University of Minnesota

Ecology Fair University of Minnesota Monarch Lab

Abstracts from Highland Elementary 2007

Highland Elementary
1700 Saunders
St. Paul, MN 55116

Year: 2007
Teacher(s): Eileen Cotter

A-MAZE-ing Ants

Lucas Z, Dexter M

Can carpenter ants learn to walk through a maze?

We have a maze that we will put the ants in.  It has a clear top that we will put on the top so they can't climb out of the maze.  We will try to see if there is a way that the ants can be taught to go through the maze correctly.

We will report our results at the Insect Fair.

Ant Eaters

Laurel S, Destiny W

If they are given a choice, what food will carpenter ants choose?

We have weighed and given them a dead mouse, a peanut butter cracker, and some canned mixed vegetables.  We are giving them as much time as possible to eat the foods we have given them.  We will weigh each of the foods again to see which they have chosen to eat the most of.  We will report the results at the Insect Fair.

Comfort Food

Ashley E, Erica M

If a cabbage butterfly is offered several of its preferred larval foods to lay eggs on, will she choose the same one she ate as a larva?
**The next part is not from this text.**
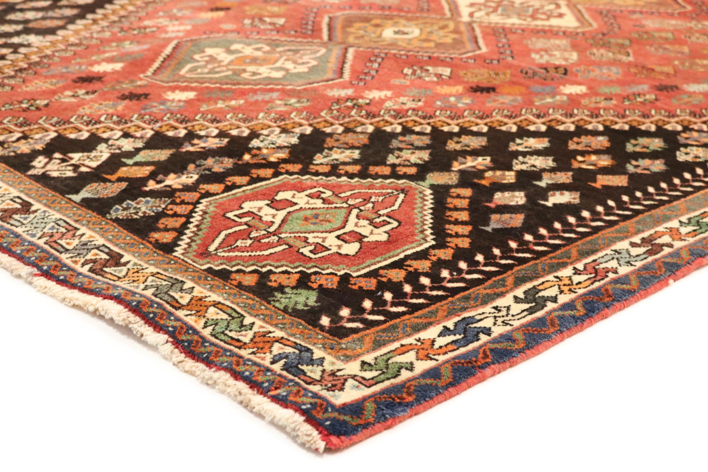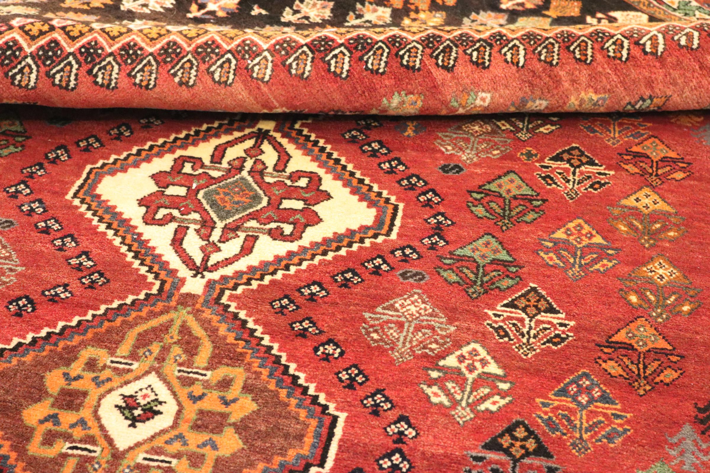 Este ghashghai é um verdadeiro destaque. As suas cores e padrões reflectem a vida dos nómadas ghashghai do Irão. Estas tribos nómadas vivem principalmente nos arredores da cidade de Shiraz. Deixe um pedaço da antiga cultura persa entrar nas suas próprias quatro paredes.

We will feed cabbage butterfly larvae several different foods from the Brassica group of plants:  broccoli, brussel sprouts, collards, and kale.  We will mark each butterfly after it emerges to know which food it ate as a larva.  We will offer each butterfly a choice of all four plants to lay eggs on.  Will she choose the same plant she ate as a larvae?

At the deadline for this abstract, our experiment is only at the chrysalis stage, so we don't know the results of our experiment yet.  We will the report the results at the Insect Fair.

Fast Frass!

Will P, Spencer W

How fast does food get turned into frass by a tobacco hornworm?

We will use tobacco hornworms that are being fed artificial diet.  We will dye some of the diet and feed it to the larvae.  We will time to see how long it takes before their frass has changed color.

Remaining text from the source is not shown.